Modeling the interactions between stimulation and physiologically induced APs in a mammalian nerve fiber: dependence on frequency and fiber diameter

Abstract

Electrical stimulation of nerve fibers is used as a therapeutic tool to treat neurophysiological disorders. Despite efforts to model the effects of stimulation, its underlying mechanisms remain unclear. Current mechanistic models quantify the effects that the electrical field produces near the fiber but do not capture interactions between action potentials (APs) initiated by stimulus and APs initiated by underlying physiological activity. In this study, we aim to quantify the effects of stimulation frequency and fiber diameter on AP interactions involving collisions and loss of excitability. We constructed a mechanistic model of a myelinated nerve fiber receiving two inputs: the underlying physiological activity at the terminal end of the fiber, and an external stimulus applied to the middle of the fiber. We define conduction reliability as the percentage of physiological APs that make it to the somatic end of the nerve fiber. At low input frequencies, conduction reliability is greater than 95% and decreases with increasing frequency due to an increase in AP interactions.
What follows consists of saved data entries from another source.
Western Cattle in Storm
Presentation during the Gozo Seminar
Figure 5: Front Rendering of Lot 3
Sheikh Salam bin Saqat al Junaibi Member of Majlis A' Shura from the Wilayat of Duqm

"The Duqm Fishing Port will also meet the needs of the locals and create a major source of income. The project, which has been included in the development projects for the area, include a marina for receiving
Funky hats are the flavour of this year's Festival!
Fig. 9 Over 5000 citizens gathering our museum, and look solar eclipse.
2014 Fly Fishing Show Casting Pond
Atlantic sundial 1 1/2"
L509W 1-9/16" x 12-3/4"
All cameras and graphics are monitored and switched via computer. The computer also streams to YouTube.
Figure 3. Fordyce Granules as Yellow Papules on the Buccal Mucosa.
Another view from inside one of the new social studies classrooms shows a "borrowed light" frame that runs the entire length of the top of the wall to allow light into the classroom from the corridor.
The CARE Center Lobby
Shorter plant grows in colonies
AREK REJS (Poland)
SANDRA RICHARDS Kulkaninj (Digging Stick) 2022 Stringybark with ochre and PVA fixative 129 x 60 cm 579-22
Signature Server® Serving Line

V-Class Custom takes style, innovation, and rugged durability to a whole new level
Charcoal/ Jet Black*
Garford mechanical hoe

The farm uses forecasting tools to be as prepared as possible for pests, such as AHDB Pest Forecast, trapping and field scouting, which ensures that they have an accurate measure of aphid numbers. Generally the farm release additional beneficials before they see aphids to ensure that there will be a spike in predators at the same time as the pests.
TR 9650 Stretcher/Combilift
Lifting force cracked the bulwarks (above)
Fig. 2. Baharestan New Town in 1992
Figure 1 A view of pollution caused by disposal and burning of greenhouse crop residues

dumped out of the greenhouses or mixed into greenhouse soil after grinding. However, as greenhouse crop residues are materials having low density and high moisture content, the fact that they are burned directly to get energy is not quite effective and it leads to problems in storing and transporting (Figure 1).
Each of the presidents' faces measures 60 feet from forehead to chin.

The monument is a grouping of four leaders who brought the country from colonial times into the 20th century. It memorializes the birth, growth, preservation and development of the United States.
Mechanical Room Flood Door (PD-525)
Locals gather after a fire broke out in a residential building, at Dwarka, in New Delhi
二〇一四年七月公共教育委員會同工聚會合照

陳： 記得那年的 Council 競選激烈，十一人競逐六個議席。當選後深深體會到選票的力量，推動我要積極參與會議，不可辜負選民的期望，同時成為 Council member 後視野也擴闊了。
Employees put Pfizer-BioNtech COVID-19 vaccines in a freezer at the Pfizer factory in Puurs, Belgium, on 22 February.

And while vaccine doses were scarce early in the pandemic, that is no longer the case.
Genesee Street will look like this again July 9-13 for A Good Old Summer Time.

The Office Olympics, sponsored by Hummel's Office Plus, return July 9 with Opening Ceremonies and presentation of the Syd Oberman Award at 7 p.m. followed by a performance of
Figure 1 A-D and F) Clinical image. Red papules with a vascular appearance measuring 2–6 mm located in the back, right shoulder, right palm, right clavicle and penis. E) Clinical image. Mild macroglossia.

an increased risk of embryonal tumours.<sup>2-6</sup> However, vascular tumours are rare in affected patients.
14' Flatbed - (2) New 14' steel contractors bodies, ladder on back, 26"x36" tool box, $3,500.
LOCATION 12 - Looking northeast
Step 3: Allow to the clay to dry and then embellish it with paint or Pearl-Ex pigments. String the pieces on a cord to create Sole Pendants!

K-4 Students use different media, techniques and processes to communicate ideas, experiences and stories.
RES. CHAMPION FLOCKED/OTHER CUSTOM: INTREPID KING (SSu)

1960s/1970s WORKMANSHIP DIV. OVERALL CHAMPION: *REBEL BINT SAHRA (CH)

Conduction reliability is less sensitive to fiber diameter and only decreases slightly with increasing fiber diameter. Finally, both the number and type of AP interactions significantly vary with both input frequencies and fiber diameter. Modeling the interactions between APs initiated by stimulus and APs initiated by underlying physiological activity in a nerve fiber opens opportunities towards understanding mechanisms of electrical stimulation therapies.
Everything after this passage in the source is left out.